Maybe the Cardinals were living on borrowed time.
Playing Above the City’s Head #
St. Louis is a city in decline, as I’ve written often. Both the city and the county are losing population. Household income in the region is falling faster than the national average. St. Louis is dead last among the 50 largest cities in new business formation. St. Louis is about to lose its second and last NFL franchise. And when people from outside the region hear “Saint Louis,” their minds' eyes see riots.
Back in the 1970s when I was taking the Red Bird Express to Busch Stadium, I also rode my bike around the city. My friends’ parents owned Orpheum Cleaners on South Grand. We’d ride our bikes there from the city’s western edge. On a typical weekday in June, Arsenal, Grand, Gravois, and Jamieson were smog-spitting traps of congestion. A couple weeks ago when I was ferrying my son Patrick through his last days before boot camp, those same streets looked deserted.
Even commerce centers like the Central West End and the tech incubation hub near SLU are a driver’s dream. There’s just not much traffic on the streets and less on the sidewalks.
St. Louis looks deserted.
Collusion #
If the baseball world is over its love affair with the Red Birds, the Cardinals are in trouble.
The New York Yankees, the Braves, the Dodgers, the Giants, and the Cubs have more or less unlimited wealth to buy players. The Cardinals, on the other hand, relied on the best farm system in sports to supply championship talent to the big team. Combined with brilliant marketing of “baseball heaven,” the combination of great fans, great farm, and great history allowed the Cardinals to produce excellence year after year for a generation and a half.
But that was a precarious formula for success.

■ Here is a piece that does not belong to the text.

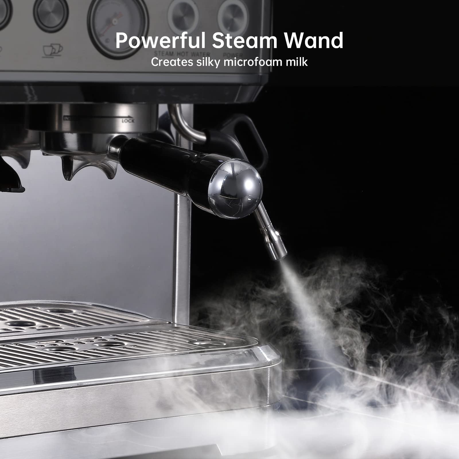 Espresso Machine with Grinder and Milk Frother – 15 Bar Pump for Cappuccino and Latte, 85oz Removable Water Tank, Stainless Steel, Steam Wand, Auto-Purge Function

What if the league’s best players decide St. Louis is not baseball heaven? What if the league’s other GMs and owners decide any deal with the Cardinals must deplete the team’s legendary farm system? What if baseball makes the Cardinals overpay for talent, not with money, but with the team’s future?
Building a first-rate farm system is expensive and slow. The Cardinals started first and have maintained the farm since Branch Rickey. If you’re not the Cardinals, you have two choices: build your own system or destroy the Cardinals’ system. (Well, if you’re in a super-rich market, you have the choice of buying talent with cash. But that’s a short list of cities.)
It sure looks to me like the general managers of baseball have colluded to starve the Red Birds. They got some help in that quest when John Lackey and Jason Heyward decided that heaven is a place at the corner of Addison and Clark. And though the Cardinals have a lot of money for a small-market club, their bank account relies on a proven strategy of farm-raised young talent supplemented with a few high-priced veterans.
Baseball general managers once relied on guts. Now they rely on statistics and strategy. The best strategy to break the Cardinals’ dominance in the National League is the strategy I just outlined: treat the Cardinals like they’re desperate because desperate teams overpay. Demand young talent. Drain the farm system. Level the playing field.
I have no idea if the GMs of MLB colluded to kill the Cards, but I wouldn’t be surprised.
Renewal #
If you’re a die-hard Cardinals fan, you better elect people who get the region growing again. The region, the city, and the team need new businesses and a growing population to survive.